‘Glory to God in the highest; on earth, peace and goodwill toward men,’ were the immortal words transmitted by Queen Victoria to US President James Buchanan 160 years ago in the first transatlantic telegraph cable.
It was a landmark moment, speeding up the communication time between America and Europe from 10 days – the time it took to deliver a message by ship – to just 17 hours, sending just a few words per minute.
It took 19 years to lay these first primitive cables – made of copper insulated with gutta-percha and wrapped in hemp – across thousands of miles of Atlantic seabed.
But despite these ambitious beginnings, it wasn’t until 1988 that the first fibre optic cables were laid, connecting the US, the UK and France.
Today, there are over 420 submarine cables in service around the world, stretching a length of over 700,000 miles.
About the width of a garden hose, together they handle 99 percent of global internet activity, relaying live chat across the world’s oceans.
Now the stage is set for Bilbao to become first southern Europe’s, then the world’s data socket.
In 2017, Microsoft, Facebook and telecommunications company Telxius laid the 4,100-mile Marea cable in the Atlantic, linking Virginia Beach, Virginia to Bilbao, Spain.
Its fibre optics can transmit 160 terabits of data per second, the equivalent of 71 million high-definition videos at once.
The first cable to connect the US to southern Europe, it will help facilitate the growing reliance on internet infrastructure around the globe.
“There is no question that the demand for data flows across the Atlantic will continue to increase and Marea will provide a critical connection for the United States, Spain, and beyond,” said Microsoft President Brad Smith.
As 2018 came online, the Cypriot company Quantum Cable announced plans to build another Mediterranean cable that will connect Israel with Spain, also through Bilbao.
The 4,785-mile cable has various drop stations in Cyprus and Greece but will eventually snake its way through the Strait of Gibraltar and into the Atlantic.
At a cost of $200 million, it is expected to be live by 2020.
With these latest connections Bilbao, home of the world-famous Guggenheim Museum and one of 20 cities nominated for Best European Destination 2018, is quite literally set to be the ‘talk of the internet’ on both sides of the Atlantic.
How data cables are laid
- First, the cable is loaded on gigantic reels into the rear of a ship capable of travelling the distance required.

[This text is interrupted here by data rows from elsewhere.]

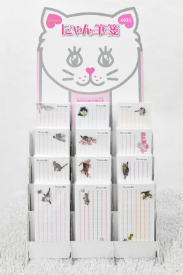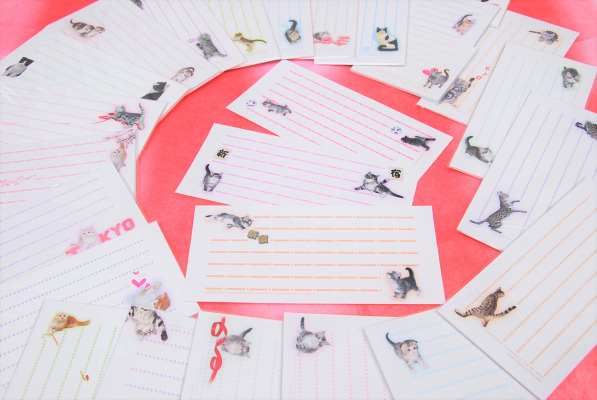 子猫の写真で作った一筆箋です。お祝いの言葉、励ましの言葉を一言添えるのにお役立ちの小さな便箋で、既製品として販売しています。デザインが東京、新宿などのご当地タイプや、罫線がpeaceや heart のテーマデザインタイプ、そして罫線が肉球の定番タイプがあり、現在26種類。新作が次々登場します。
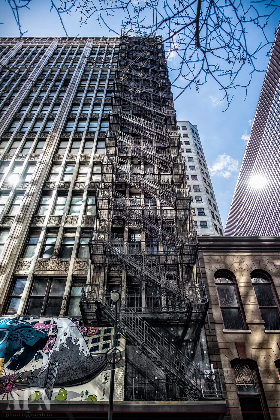 External fire escape stairs always fascinated me, maybe because they are such an uncommon sight in european architecture. So when I was in the US I took lots of photos of early 20th century buildings with external metal staircases. This example is from Chicago city center.
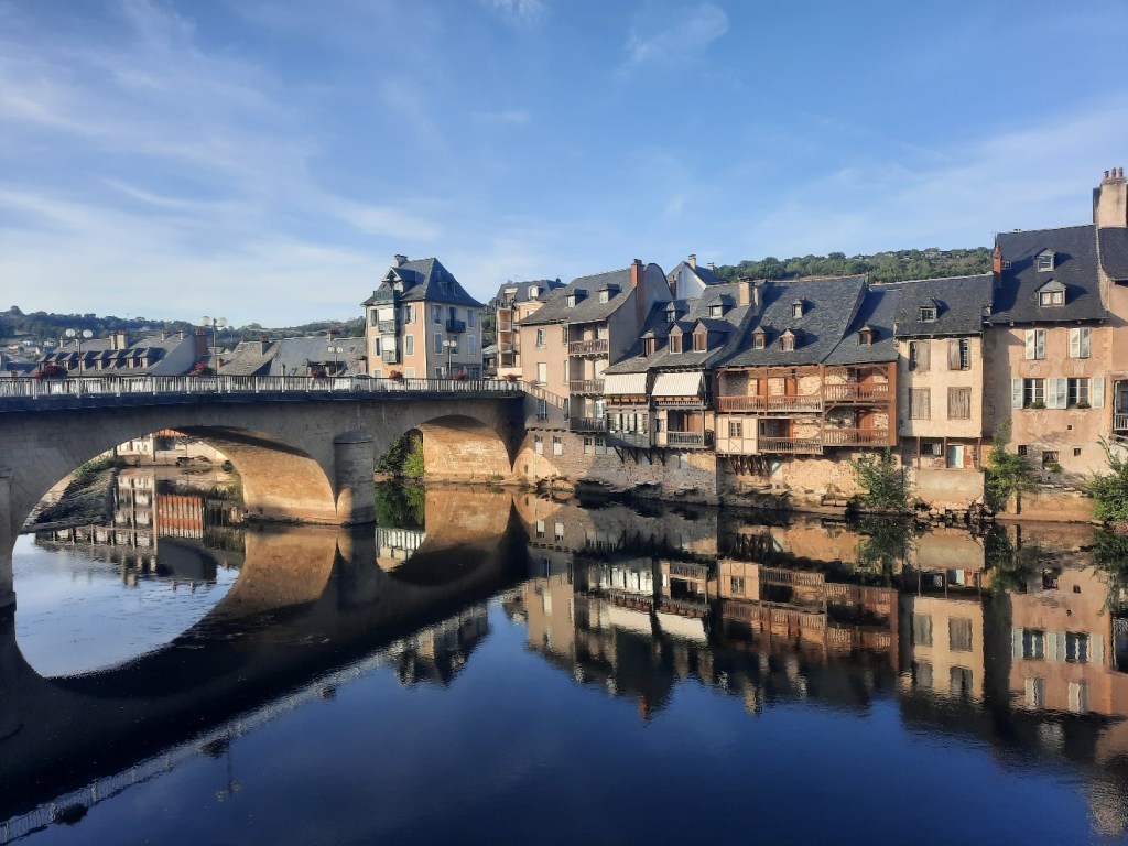 Ich verlasse den Ort über eine Brücke und den Fluss Lot. Der Jakobsweg in den Wald hoch ist abgesperrt, man soll der Landstraße folgen. An diesem heißen Tag passt mir das sehr gut, denn ich spare so knapp 2 Kilometer. In Espalion muss ich feststellen, dass der Campingplatz schon seit August geschlossen ist. Ich rufe eine Pilgerunterkunft an, die mir erst mitteilt, dass sie voll sind und mich dann nach wenigen Minuten zurückruft, da sie zwei Absagen haben. Per SMS sendet man mir den Pin für die Unterkunft und ich kann um 15:45 Uhr in das Haus eintreten.
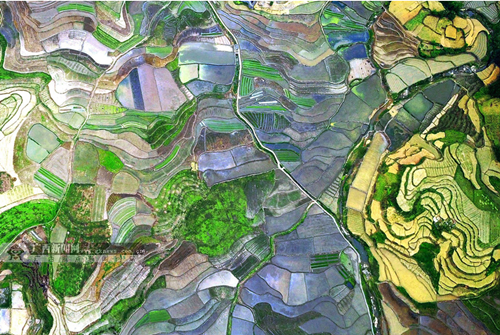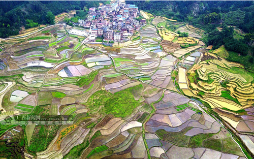 The landscape of Ganfeng village in Luocheng Mulao autonomous county resembles an oil painting when viewed from the air, the fields and farm rich in color.
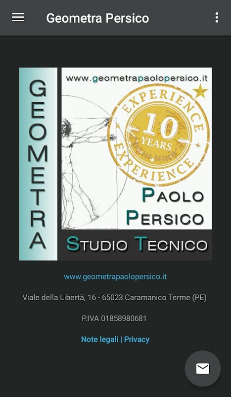 Inoltre è possibile contattare il Geometra Persico inviando una mail o effettuando una chiamata direttamente dall'app.
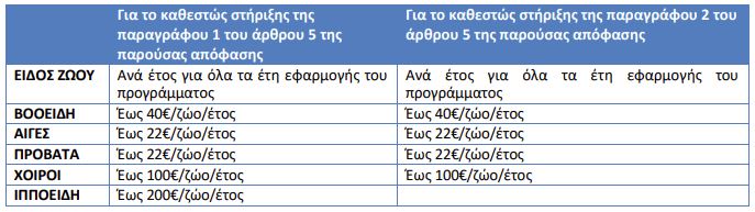Με βάση τα παραπάνω κριτήρια η αρμόδια επιτροπή καθορίζει το ύψος των επιλέξιμων δαπανών, με ανώτατο όριο το μέσο κόστος ανά ζώο ανά έτος και τριετία σύμφωνα με τον παρακάτω πίνακα:
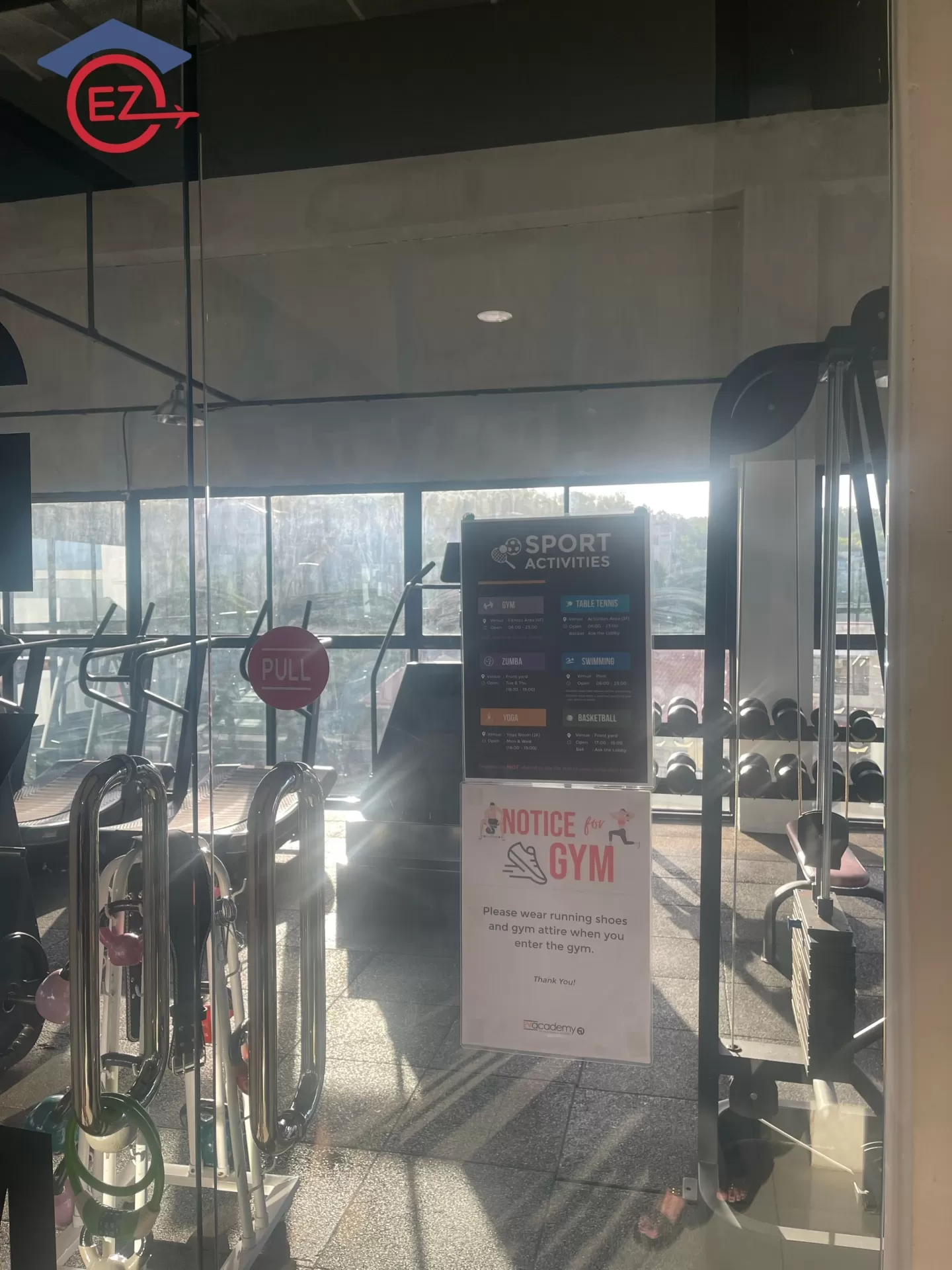 Khu vực phòng Gym dành cho những bạn học viên trên 18, với đầy đủ dụng cụ chuyên nghiệp, ko thua kém bất cứ 1 trung tâm fitness chuyên nghiệp nàooo
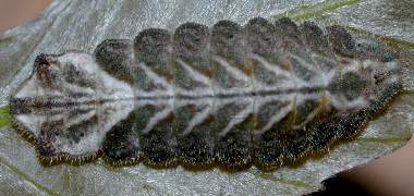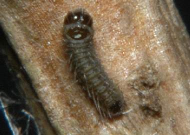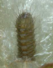 (参考) 幼虫(3齢?、4.5mm)と飼育の様子 2006年3月24日 兵庫県猪名川町産 大阪市淀川区飼育 模様が変わっているので3齢になっているのかもしれません。頭が黒くないので、脱皮した直後と思われます。 トップページへ |

Loading the cable can take three to four weeks.
- Then a deep sea plough is dragged from the ship and connected to the cable to bury it in the Atlantic seabed – average depth 3,730 metres.
- While the ship plays out the cable into the sea, repeaters (signal boosters) are placed every 40 to 60 kilometres.
- The plough, modified to navigate trenches and debris, funnels the line along the desired route while a tow line keeps it in the right direction.
- If cables are damaged, then divers or submersibles are sent down to fix it.